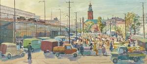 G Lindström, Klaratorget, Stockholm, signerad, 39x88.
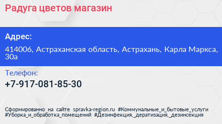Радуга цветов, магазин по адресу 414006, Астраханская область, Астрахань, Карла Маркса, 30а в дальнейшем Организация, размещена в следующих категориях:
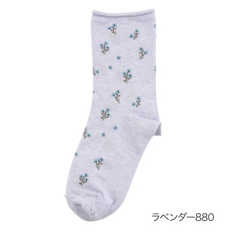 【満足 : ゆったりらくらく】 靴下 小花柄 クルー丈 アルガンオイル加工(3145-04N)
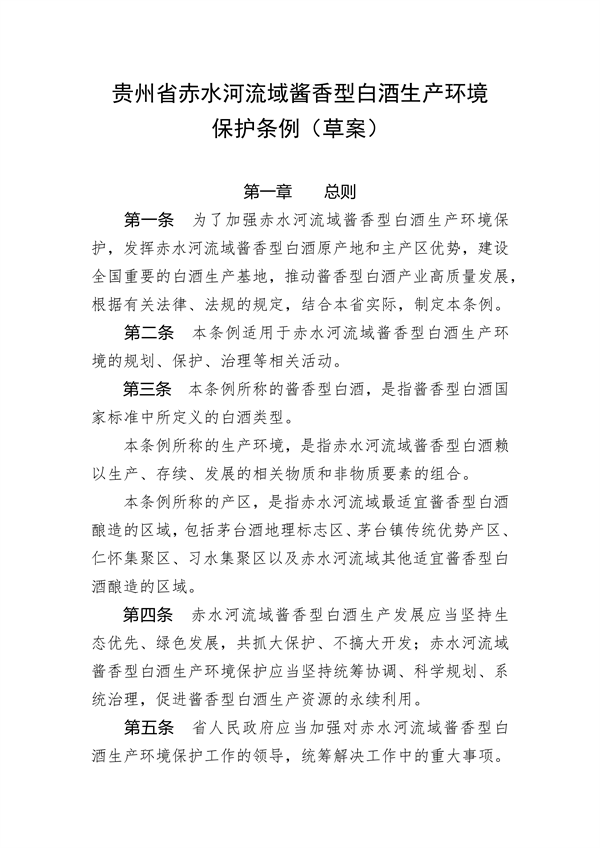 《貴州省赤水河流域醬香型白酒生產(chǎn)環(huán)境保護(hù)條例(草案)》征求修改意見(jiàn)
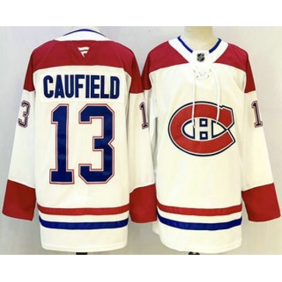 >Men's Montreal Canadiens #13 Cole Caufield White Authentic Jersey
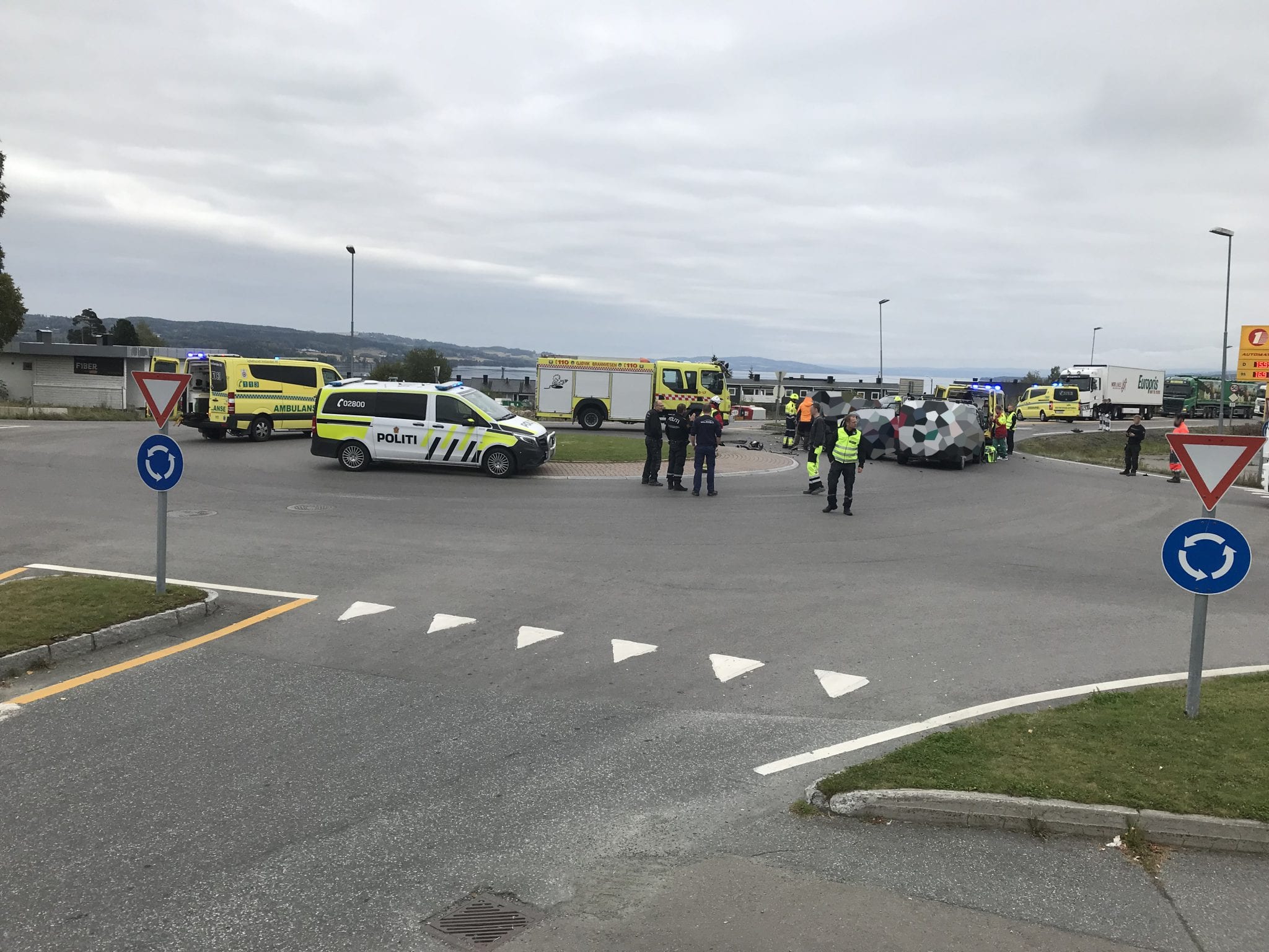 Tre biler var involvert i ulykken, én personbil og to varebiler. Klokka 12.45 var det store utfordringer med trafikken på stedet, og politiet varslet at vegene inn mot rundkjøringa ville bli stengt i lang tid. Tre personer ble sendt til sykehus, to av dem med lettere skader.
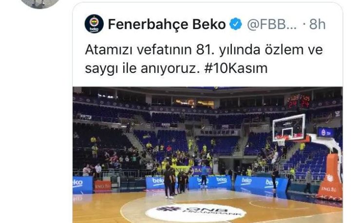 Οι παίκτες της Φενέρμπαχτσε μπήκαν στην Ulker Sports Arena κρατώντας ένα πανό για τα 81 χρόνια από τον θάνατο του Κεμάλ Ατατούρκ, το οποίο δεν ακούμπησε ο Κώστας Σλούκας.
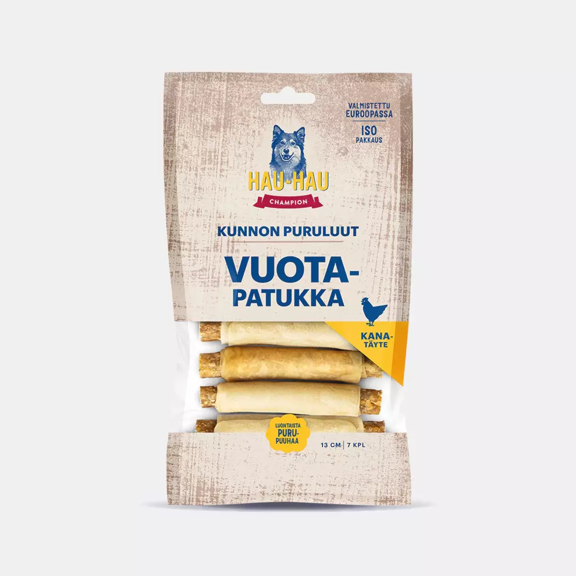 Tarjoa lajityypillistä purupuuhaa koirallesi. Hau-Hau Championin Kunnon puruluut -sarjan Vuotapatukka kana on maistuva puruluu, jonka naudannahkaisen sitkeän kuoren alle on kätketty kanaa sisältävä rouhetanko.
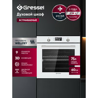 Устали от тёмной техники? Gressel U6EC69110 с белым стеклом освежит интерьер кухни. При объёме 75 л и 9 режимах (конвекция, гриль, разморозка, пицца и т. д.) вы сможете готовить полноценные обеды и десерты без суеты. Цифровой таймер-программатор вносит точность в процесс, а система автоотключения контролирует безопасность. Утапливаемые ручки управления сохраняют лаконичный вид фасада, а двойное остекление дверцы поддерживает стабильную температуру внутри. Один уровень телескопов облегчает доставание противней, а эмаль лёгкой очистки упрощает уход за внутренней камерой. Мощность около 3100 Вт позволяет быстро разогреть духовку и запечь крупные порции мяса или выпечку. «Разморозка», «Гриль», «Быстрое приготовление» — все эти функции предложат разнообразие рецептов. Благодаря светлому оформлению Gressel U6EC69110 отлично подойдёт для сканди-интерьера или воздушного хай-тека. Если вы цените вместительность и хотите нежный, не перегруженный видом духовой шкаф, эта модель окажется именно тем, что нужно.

════

EXERCISE: Please write out only the material above, exactly, from its first line through the line that contains "Tarjoa lajityypillistä purupuuhaa", and include no pictures.

TASK ANSWER:
 G Lindström, Klaratorget, Stockholm, signerad, 39x88.
Радуга цветов, магазин по адресу 414006, Астраханская область, Астрахань, Карла Маркса, 30а в дальнейшем Организация, размещена в следующих категориях:
 【満足 : ゆったりらくらく】 靴下 小花柄 クルー丈 アルガンオイル加工(3145-04N)
 《貴州省赤水河流域醬香型白酒生產(chǎn)環(huán)境保護(hù)條例(草案)》征求修改意見(jiàn)
 >Men's Montreal Canadiens #13 Cole Caufield White Authentic Jersey
 Tre biler var involvert i ulykken, én personbil og to varebiler. Klokka 12.45 var det store utfordringer med trafikken på stedet, og politiet varslet at vegene inn mot rundkjøringa ville bli stengt i lang tid. Tre personer ble sendt til sykehus, to av dem med lettere skader.
 Οι παίκτες της Φενέρμπαχτσε μπήκαν στην Ulker Sports Arena κρατώντας ένα πανό για τα 81 χρόνια από τον θάνατο του Κεμάλ Ατατούρκ, το οποίο δεν ακούμπησε ο Κώστας Σλούκας.
 Tarjoa lajityypillistä purupuuhaa koirallesi. Hau-Hau Championin Kunnon puruluut -sarjan Vuotapatukka kana on maistuva puruluu, jonka naudannahkaisen sitkeän kuoren alle on kätketty kanaa sisältävä rouhetanko.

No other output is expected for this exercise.